3.1. Optimization of Model Structure

Herein, the concept of optimizing the model structure (hyper parameters) is utilized [54]. An improvement by uniform experimental design (UED) [55], a neural network, and a PSO algorithm is introduced. It preserves the ability of the CNN and optimizes the performance. The procedure of optimization is introduced. The flow chart of optimization procedure is shown as Figure 2. The procedures include (1) parameter selection of the CNN, (2) experimental design using UED, (3) data acquisition, (4) model development, (5) optimization, and finally, (6) validation.

Figure 2.

Flow chart of the proposed optimization procedure.

Optimization Procedure

Step 1. Parameter selection of CNN: Select the main structure (convolution filter size, pooling, fully connected nodes), the optimized hyper parameters, and levels.
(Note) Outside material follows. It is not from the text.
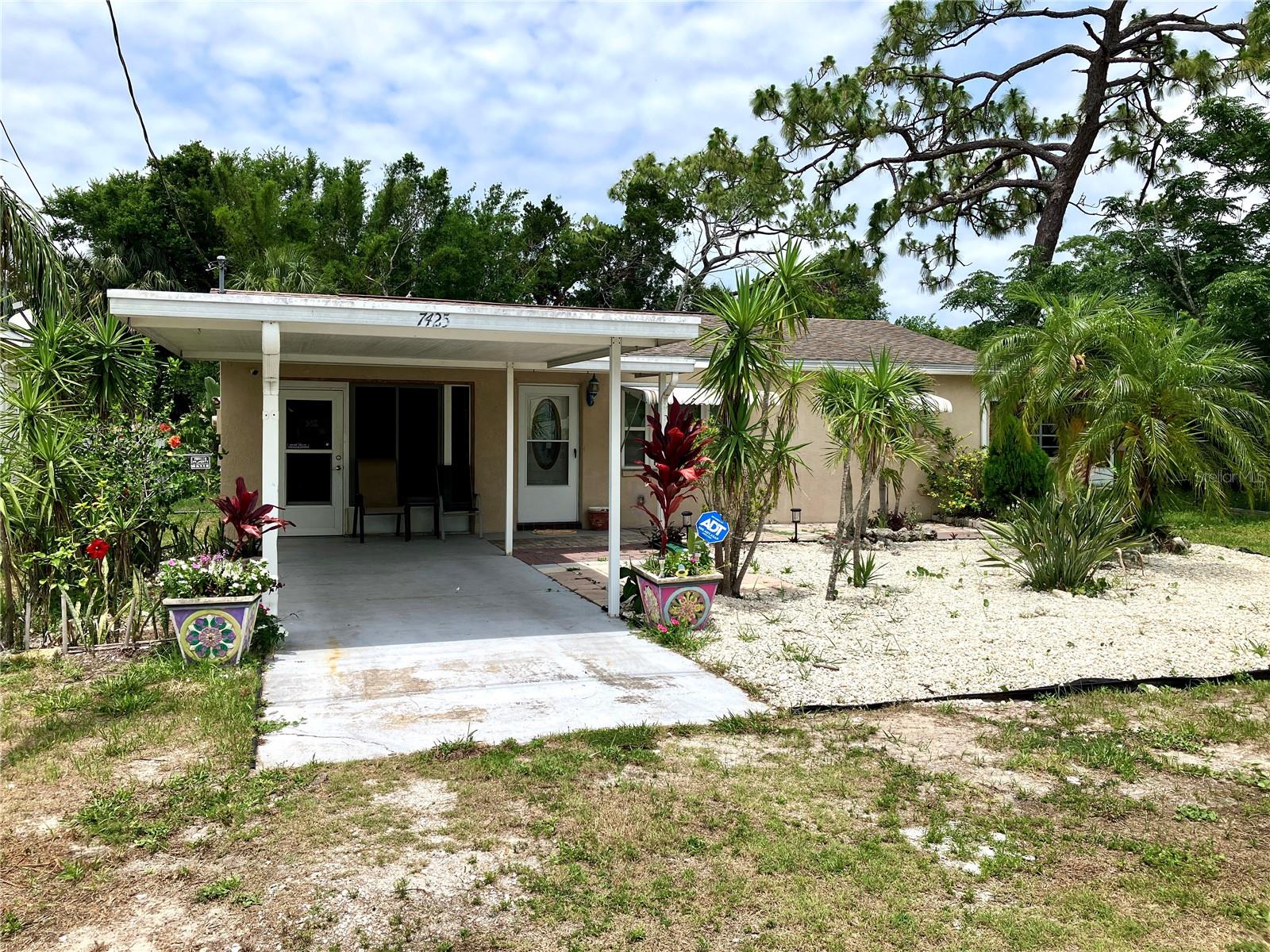 Charming 2BR/1.5BA home with updates and space to live, garden, and create! Central AC (3 yrs old) plus freestanding AC unit, fans in every room for energy savings. Spacious closets, linen closet, enclosed garage with half bath, washer/dryer—perfect for a workshop or hobby space. Florida room offers garden views and dining nook. Covered patios, carport, large backyard ideal for gardening. Also includes new stove, new microwave, electric lawnmower, tiller, power washer, shop vac, dehumidifier, fridge with ice maker, wicker couch & kitchen table. Move-in ready! Don’t miss this opportunity to own a delightful, efficient, and versatile home that’s ready for your personal touch!

Step 2. Design experiments using UED: Choose the appropriate uniform layout (UL) of model structure according to the parameter selection and design experiments.

Step 3. Data acquisition: Complete the experiments. The model with the above structure is trained and the corresponding hyper parameters/trained MAPE are collected as input/output data.

Step 4. Model development: Modeling the function between hyper parameters and performance using neural network. The performance applied in this study is MAPE.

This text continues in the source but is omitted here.